4 They tried to get over it, and we
3 potted them from forty yards. They rushed it, and officers came out
alone and worked on it. It was
2 an absolutely perfect obstacle. Their officers were very fine. We were
1 frightfully put out when we heard the flank had gone, and we had
to fall back.
Max Nänny 19
As presented in “Hemingway’s Architecture of Prose,” Nänny finds several specific narrative functions for Hemingway's various applications of chiastic structure, including “back and forth movement;” “opposition, symmetry and balance;” “framing;” and “centering.” Most importantly for the theory of central trope, the novelist clearly applies this formal element as an embedded metaphor(m), using it to “mime or enact meaning.” 20
Hence, we come to Hemingway’s central trope. This involves a double-blend, as it features two complementary mappings. Such complexity is described by Fauconnier and Turner in Chapters 14 and 15 of their book The Way We Think, titled respectively “Multiple Blends” and “Multiple-Scope Creativity.” 21 The couplings are far more closely knit in Hemingway’s work than several of Fauconnier and Turner’s examples, such as the “Dracula and His Patients” illustration they draw from a newspaper editorial. 22 Hemingway’s two pairings are so compactly interwoven as to be almost one blend. While I would contend that most metaphor(m)s are more akin to the iconic blend seen above in van Gogh, Hemingway gives an inkling of other, far more intricate or even convoluted possibilities. The conceptual integration of a number of mental image mappings appears to be more frequent and essential in postmodern artworks.

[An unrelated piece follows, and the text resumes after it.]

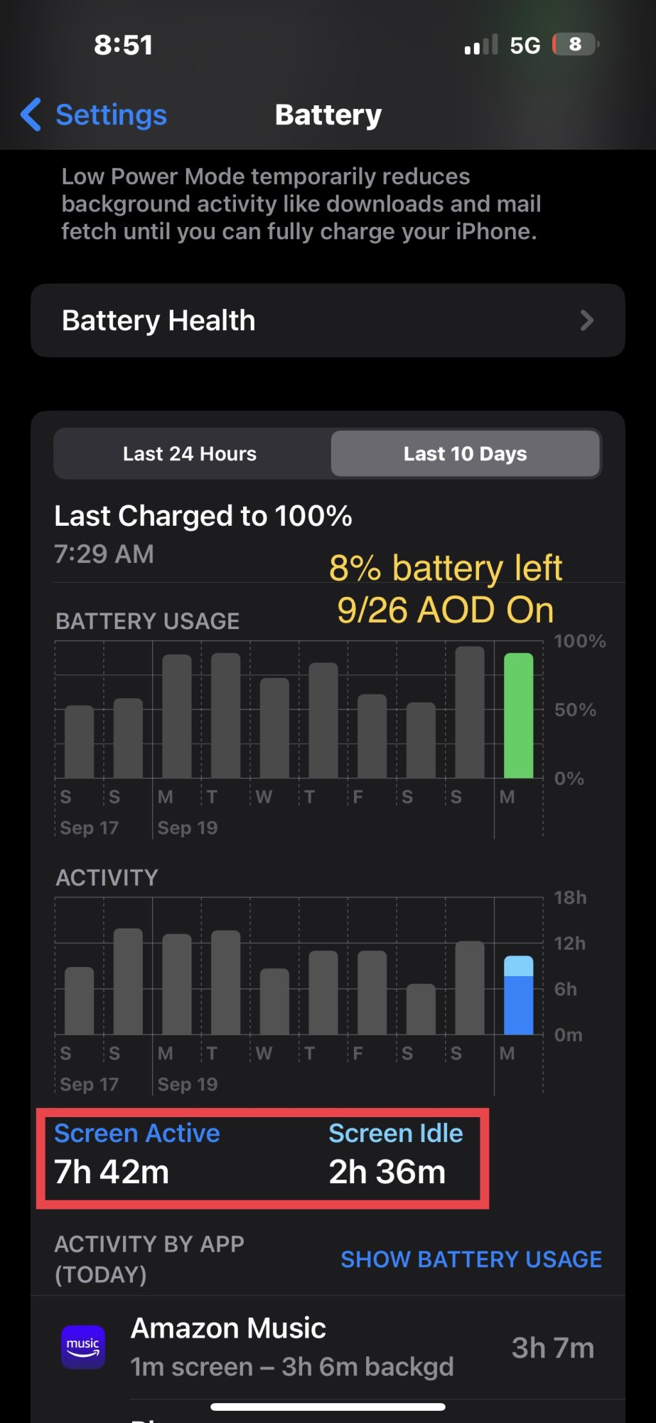 I assume that is with aod on?Experienced the same. Lost around 9% over night and battery settings reads 100% find my.
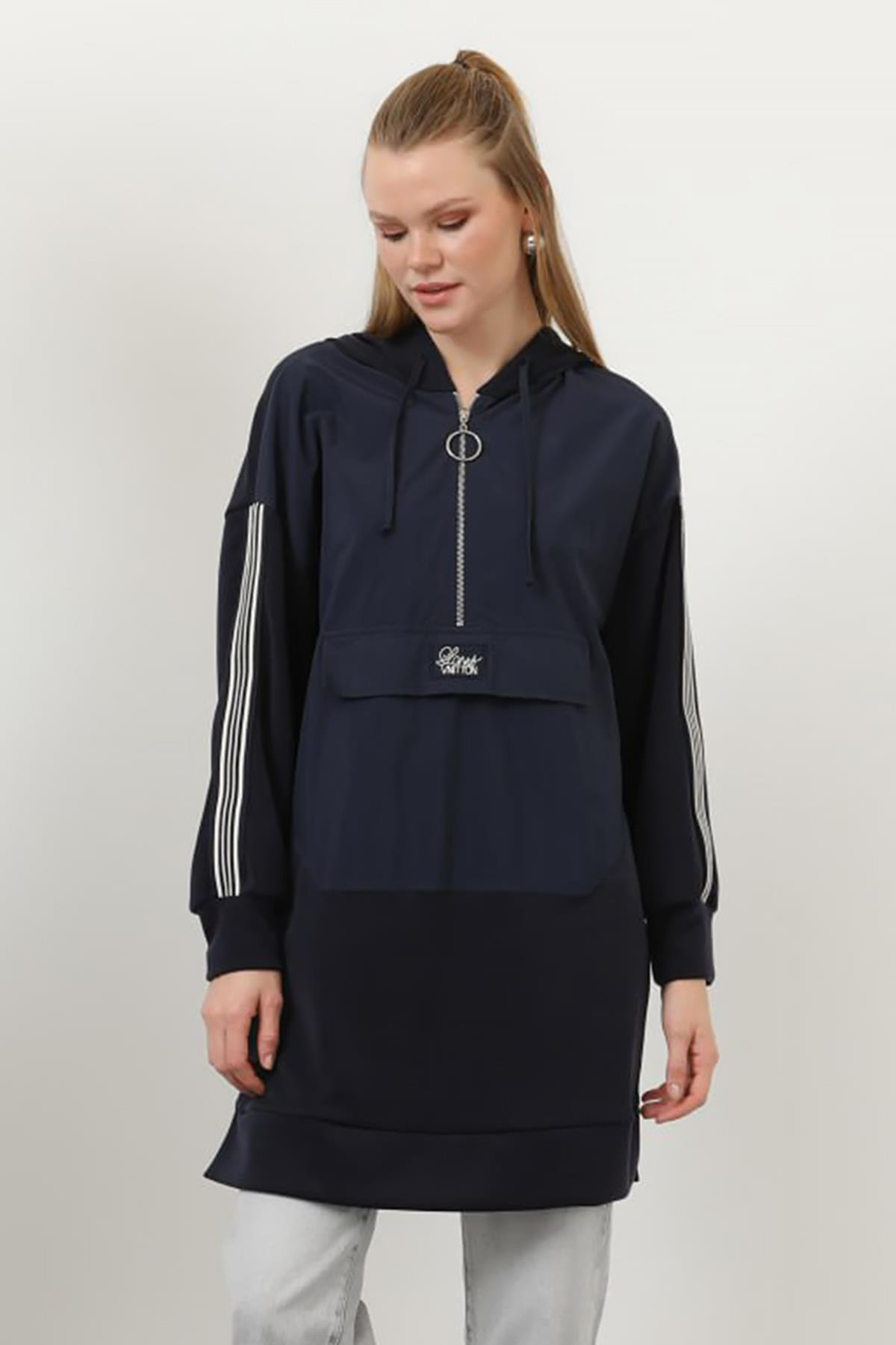 Kapüşonlu Fermuar Detay Paraşüt Cep Modal Sweat Tunik 10610 Lacivert Tek parçadır. Hem şık hem spor kombinleyebileceğiniz bir ürün. Bedenler: 1(S-M) , 2(L-XL) şeklindedir. 1Beden= Göğüs:110cm Bel: 110cm Basen: 114cm Boy:82cm civarıdır. 2Beden= Göğüs:112cm Bel: 112cm Basen: 116cm Boy:84cm civarıdır. Kumaş Bilgisi=%48Polyester %46Modal %6Spandex Kullanım sırasında, çanta, aksesuar veya takılara dikkat edilmelidir. Hassas üründür. YIKAMA TALİMATLARI: -Ilık suda ters çevrilerek yıkanmalıdır. -Tek başına yıkanmalıdır. -Renk verebilir. Kaloriferde vb. direk güneşte kurutmayınız.

The image-mapping is that of simplicity on trope (metonymy) and
solidity on structure (chiasmus). This, in turn,
plays on the metaphors TRUTH IS SIMPLE
and TRUTH IS
SOLID
, both of which are viewed through the lens of the
metaphor STRUCTURE IS THE OBJECT
. This logical sequence
yields the author’s personal central belief: “writing is truth is
life.” His metaphor(m) is “metonymy and chiasmus are solid and
simple, are truth (about life).” He extended this into his
subject matter and many if not most of the other elements of his
writing, generally by analogy. His descriptions, place names,
characters’ names, dialogues and syntax are among the creative
particulars which bear the stamp of his metaphor(m). My point is not
to celebrate the insight of literary critics such as David M. Raabe
who highlighted Hemingway’s metonymic play, nor the insight Nänny
and Hermann offer into his chiastic structuring, but to analyze
these mechanics of his writing in a cognitive sense, thus expanding
our perception of the agonistic and vital purpose they serve in his
writing by seeing the significant way in which they converge in the
author’s central trope. 23
Hemingway made linguistic form spatial and visual in an intricate and coherent
complex of tropes. Foundational metaphors are extended, elaborated
and composed. Telling the truth is one of the most important aspects
(a synecdoche) of morality, thus truth is an elaboration of
MORALITY IS STRAIGHTNESS.
Furthermore, straightness is a
metonymy of simplicity. The writer is using many literary elements
metaphorically, but most of all metonymy itself. This is an
unprecedented twist resulting in a great critical metalepsis.
Coherence can be an attribute or extension of truth. Two
foundational metaphors active in our society are COHERENT IS
WHOLE
and COHERENCE IS ALIGNED.
A building or
constructed work of art must be solid, that is, structurally sound,
composed in a thorough fashion. THEORIES ARE BUILDINGS
as
well as IDEAS ARE CONSTRUCTED OBJECTS
are operative at that
point, as applied to literary ideas, most of all to his chiastic
constructions. Extend existence and you have life, one foundational
metaphor is indeed EXISTENCE IS LIFE
, yet another is
EXISTENCE IS HAVING FORM.
For the author this meant a very
specific form—his work, his writing. Hemingway has a central trope
with epistemological and ethical implications, a powerful and
broadened rationality of amazing complexity in a writer of
ostensibly astounding simplicity.
These accounts of central trope in van Gogh and Hemingway have put the theory of central trope to the test and, I believe, substantiated its utility.